Dkzody's Weblog

Entries from November 2007

Losing my touch

November 24, 2007 · Leave a Comment

For years I was famous for my chocolate chip cookies. They were fabulous and well loved by many. I baked them almost weekly, and was so comfortable with the recipe, I could do it without measuring the ingredients. I could fly through the preparation on a Saturday morning and have them baked by the time to run errands. Everyone who knew me knew of my chocolate chip cookies, and they loved to receive these tasty treats. My husband especially loved these cookies.
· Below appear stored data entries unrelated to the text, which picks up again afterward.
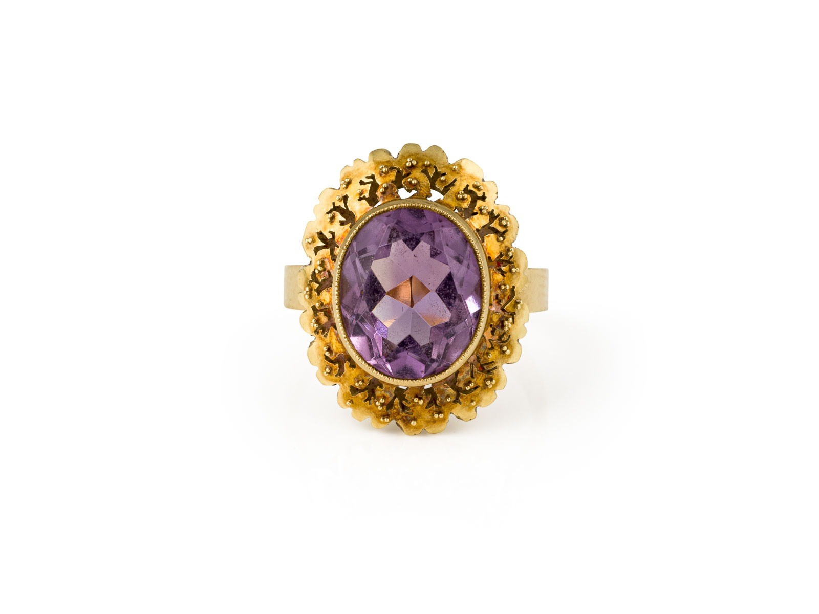 GG 585. Ringmaß: ca. 53. Ringkopfmaße: ca. 20,3 mm x 16,3. Ges.-Gew.: ca. 5,0 g. Ring, besetzt mit einem zentralen Amethyst von ca. 3.60 ct.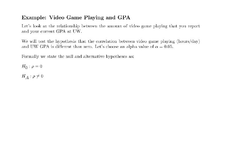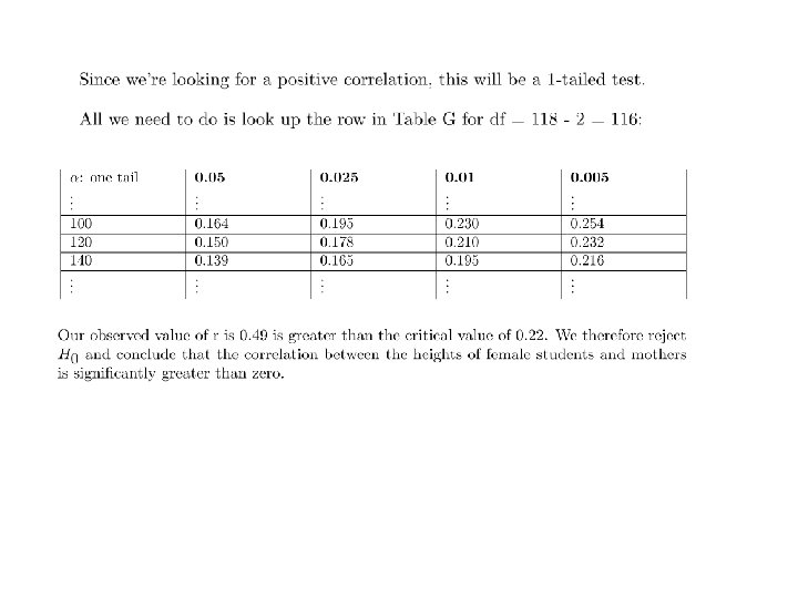 1) Testing the null hypothesis that a single correlation is equal to zero. The sampling distribution for r is very complicated and can be strongly skewed. However, for testing whether a sample is being drawn from a population with zero correlation, Ronald Fisher figured out an easy way to convert a sample correlation from r to t, so we can run a standard t-test: Using df = n-2, where n is the number of pairs in the correlation. I make it even easier by giving you Table G that provides critical values of r for values of a and df. We don’t have to convert from r to t, just look up the critical value for r in table G.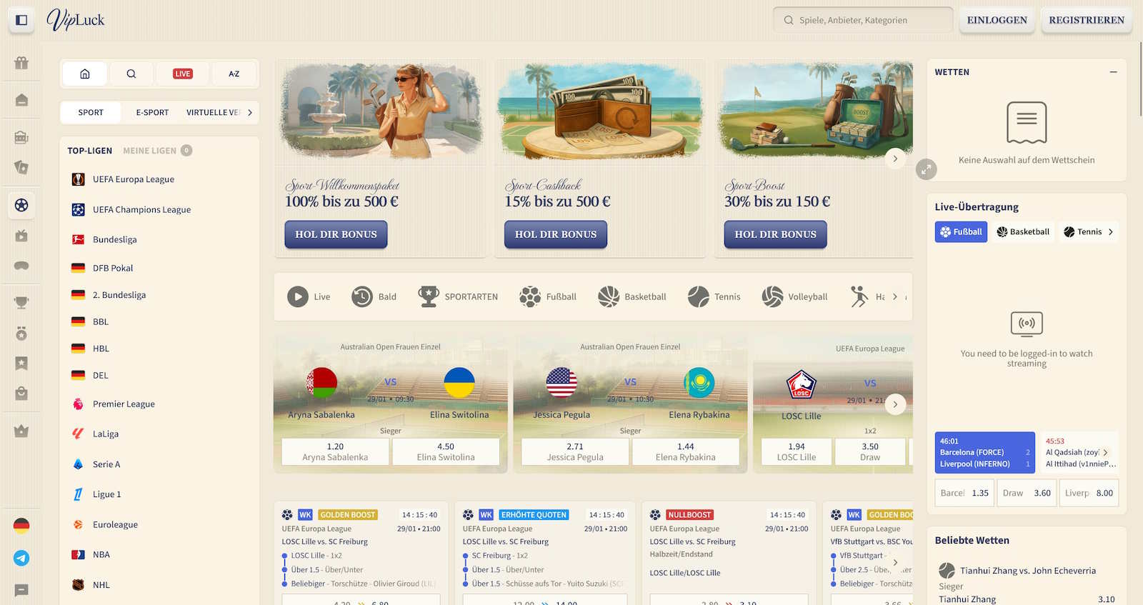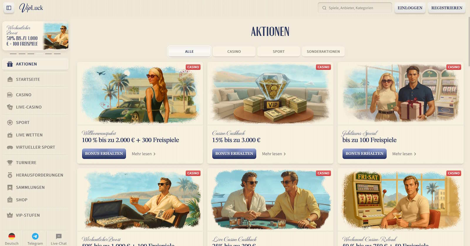 Im VIPLuck Casino spielen Sie alle Casinospiele ohne Limits und Pausen online. Sichern Sie sich jetzt bis zu 2000 € Bonus + 300 Free Spins, und starten Sie mit Echtgeld ab 20 € Mindesteinzahlung durch.

Budget crunches hit the school system in which I teach. Department budgets were drastically cut, but the supplies for the department kept getting more expensive. I teach in the business department and we use reams of paper, cases of ink cartridges, and since we have our own copiers, plenty of toner cartridges for those. We also like to reward our students for good work so we occasionally treat them to a pizza lunch. We print up awards to give out for good grades, good attendance, completion of classes. The paltry budget from the school district would not pay for all these things, so we looked around for ways to make money. Being business persons at heart, we knew we could use our entrepreneurial smarts to fund our department.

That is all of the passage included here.